As with the MDCT, a stand-alone frame requires that we do not predict or preserve any chirp parameter data across frames. We code into each frame all the data needed to reconstruct the time-domain signal.
We're not necessarily stuck coding five full-range parameters for every chirp. From frame-to-frame, most chirps will predict rather well a matching chirp in a following frame, a trick much harder to achieve with the MDCT. If we remove the requirement that frames must be strictly stand-alone (using no parameter information carried over from a another frame), we can use the chirp parameters from a preceding frame to predict the chirp parameters of the current frame, much like inter-coding in video codecs.
At the beginning of a new frame, we know the phase, amplitude and instantaneous frequency of a previous frame's chirp at the frame boundary (as well as across the portion of the previous frame that overlaps with the current frame). If we're content to eliminate some axes of freedom fitting a current frame chirp, we can reduce the number of fit parameters by fixing a current frame chirp to a preceding frame chirp at some point. For purposes of illustration, let's assume we're fixing the current chirp to the previous chirp at the starting boundary of the current frame.
Up to now, we've defined the phase, amplitude and frequency parameters at the center of the fit window. We now alter the chirp fit to interpret phase, amplitude and frequency parameters at the left boundary of the chirp rather than the center, then fit the current frame's chirp with these three parameters fixed to the values taken from the preceding chirp at the frame boundary.
As the left edge of the chirp is fixed, the things that can change across the frame are the amplitude and instantaneous frequency. Thus, we've rendered three of our five parameters for the new frame's chirps implicit, leaving only the need to fit the amplitude and frequency modulation across the current frame.
This two-parameter chirp arrangement still synthesizes chirps the same way as the five parameter chirps, using overlapped Gabor atoms.

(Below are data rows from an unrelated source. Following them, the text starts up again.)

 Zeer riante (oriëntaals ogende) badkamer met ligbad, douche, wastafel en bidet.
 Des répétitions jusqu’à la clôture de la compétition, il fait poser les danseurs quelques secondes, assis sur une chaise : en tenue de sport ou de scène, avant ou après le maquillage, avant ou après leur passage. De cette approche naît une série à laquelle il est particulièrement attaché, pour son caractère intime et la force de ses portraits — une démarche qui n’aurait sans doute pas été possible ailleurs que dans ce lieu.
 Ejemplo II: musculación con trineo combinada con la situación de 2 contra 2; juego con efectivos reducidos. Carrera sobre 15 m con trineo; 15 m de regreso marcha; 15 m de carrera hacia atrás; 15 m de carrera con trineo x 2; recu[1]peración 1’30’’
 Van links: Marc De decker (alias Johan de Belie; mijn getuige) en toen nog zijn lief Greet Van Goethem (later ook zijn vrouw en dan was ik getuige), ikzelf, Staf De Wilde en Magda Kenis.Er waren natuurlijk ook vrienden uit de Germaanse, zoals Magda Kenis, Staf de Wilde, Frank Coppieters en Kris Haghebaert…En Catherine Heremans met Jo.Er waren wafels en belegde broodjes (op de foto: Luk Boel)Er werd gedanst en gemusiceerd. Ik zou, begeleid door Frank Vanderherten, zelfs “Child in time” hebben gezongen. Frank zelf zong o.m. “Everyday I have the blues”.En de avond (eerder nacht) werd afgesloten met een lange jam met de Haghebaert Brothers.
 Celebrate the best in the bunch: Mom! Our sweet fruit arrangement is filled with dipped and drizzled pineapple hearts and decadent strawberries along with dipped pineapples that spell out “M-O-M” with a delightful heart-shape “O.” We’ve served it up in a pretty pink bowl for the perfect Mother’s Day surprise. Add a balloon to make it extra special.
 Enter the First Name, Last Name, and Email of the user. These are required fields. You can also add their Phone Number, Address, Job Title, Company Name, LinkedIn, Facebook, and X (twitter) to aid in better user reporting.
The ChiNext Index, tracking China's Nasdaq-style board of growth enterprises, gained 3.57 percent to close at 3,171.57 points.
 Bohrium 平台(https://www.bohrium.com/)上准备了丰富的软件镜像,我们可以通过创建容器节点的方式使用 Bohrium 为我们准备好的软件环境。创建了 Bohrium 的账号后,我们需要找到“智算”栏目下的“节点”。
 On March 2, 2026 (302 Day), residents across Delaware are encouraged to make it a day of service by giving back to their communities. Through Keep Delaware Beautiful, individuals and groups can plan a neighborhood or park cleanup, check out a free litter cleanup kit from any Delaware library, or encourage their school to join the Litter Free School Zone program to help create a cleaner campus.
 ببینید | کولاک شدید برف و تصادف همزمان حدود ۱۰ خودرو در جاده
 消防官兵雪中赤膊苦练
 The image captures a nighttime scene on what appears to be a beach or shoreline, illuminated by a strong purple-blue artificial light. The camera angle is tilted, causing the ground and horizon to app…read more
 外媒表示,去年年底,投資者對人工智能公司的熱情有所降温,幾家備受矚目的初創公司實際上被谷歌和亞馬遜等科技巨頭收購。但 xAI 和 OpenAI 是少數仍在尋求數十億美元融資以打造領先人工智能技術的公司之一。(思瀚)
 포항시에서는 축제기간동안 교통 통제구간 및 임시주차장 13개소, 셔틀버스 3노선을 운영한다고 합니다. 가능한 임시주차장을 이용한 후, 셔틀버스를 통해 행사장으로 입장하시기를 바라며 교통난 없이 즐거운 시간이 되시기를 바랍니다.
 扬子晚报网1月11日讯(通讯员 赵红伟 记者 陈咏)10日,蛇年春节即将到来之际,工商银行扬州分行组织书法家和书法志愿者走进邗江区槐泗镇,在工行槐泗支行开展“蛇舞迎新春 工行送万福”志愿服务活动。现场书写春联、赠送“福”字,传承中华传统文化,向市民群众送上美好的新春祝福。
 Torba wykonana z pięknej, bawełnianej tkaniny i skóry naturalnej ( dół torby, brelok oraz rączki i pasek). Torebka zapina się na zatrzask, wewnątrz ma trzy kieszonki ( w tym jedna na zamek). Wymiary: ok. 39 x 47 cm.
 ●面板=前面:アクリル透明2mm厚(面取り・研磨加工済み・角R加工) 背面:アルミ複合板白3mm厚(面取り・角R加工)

It merely borrows some chirp parameters from the preceding frame.
Rather than constructing and overlap-adding Gabor atoms, we can synthesize chirps directly from free-running oscillators, realizing a potential factor of two savings in synthesis cost. Analysis could be performed exactly as it is in the two-chirp arrangement with overlapping frames above, but the native synthesized frames would be half the size and non-overlapping.
Continuous chirp synthesis is not exactly equivalent to the overlap-add schemes above as we're no longer adding together overlapped chirp atoms with potentially disagreeing parameters.
In the case of independently constructed Gabor atoms, the process of sewing together frames is as straightforward as it is in the MDCT (which is itself just a special case of Gabor atoms). Just like in the MDCT we need only use a power complementary window, overlap and add.
Once we're constructing chirps from frame to frame as if they're the output of free-running oscillators, things become more complicated. We no longer have a smooth overlap/add window, and so we no longer have implicitly smooth transitions between sets of chirp parameters. Is piecewise linear chirp construction (discontinuous in the first derivative) sufficiently smooth for high fidelity reproduction? Or will additional transitional smoothing be necessary to move discontinuities into higher derivatives or eliminate them altogether?
Conceptually, there's no difficulty in constructing arbitrarily smooth transitioning between parameter updates. That said, smoothing increases computational complexity. In addition, smoothing not reflected in the original chirp fitting algorithm results in synthesized chirps that are not equivalent to the fitted parameters.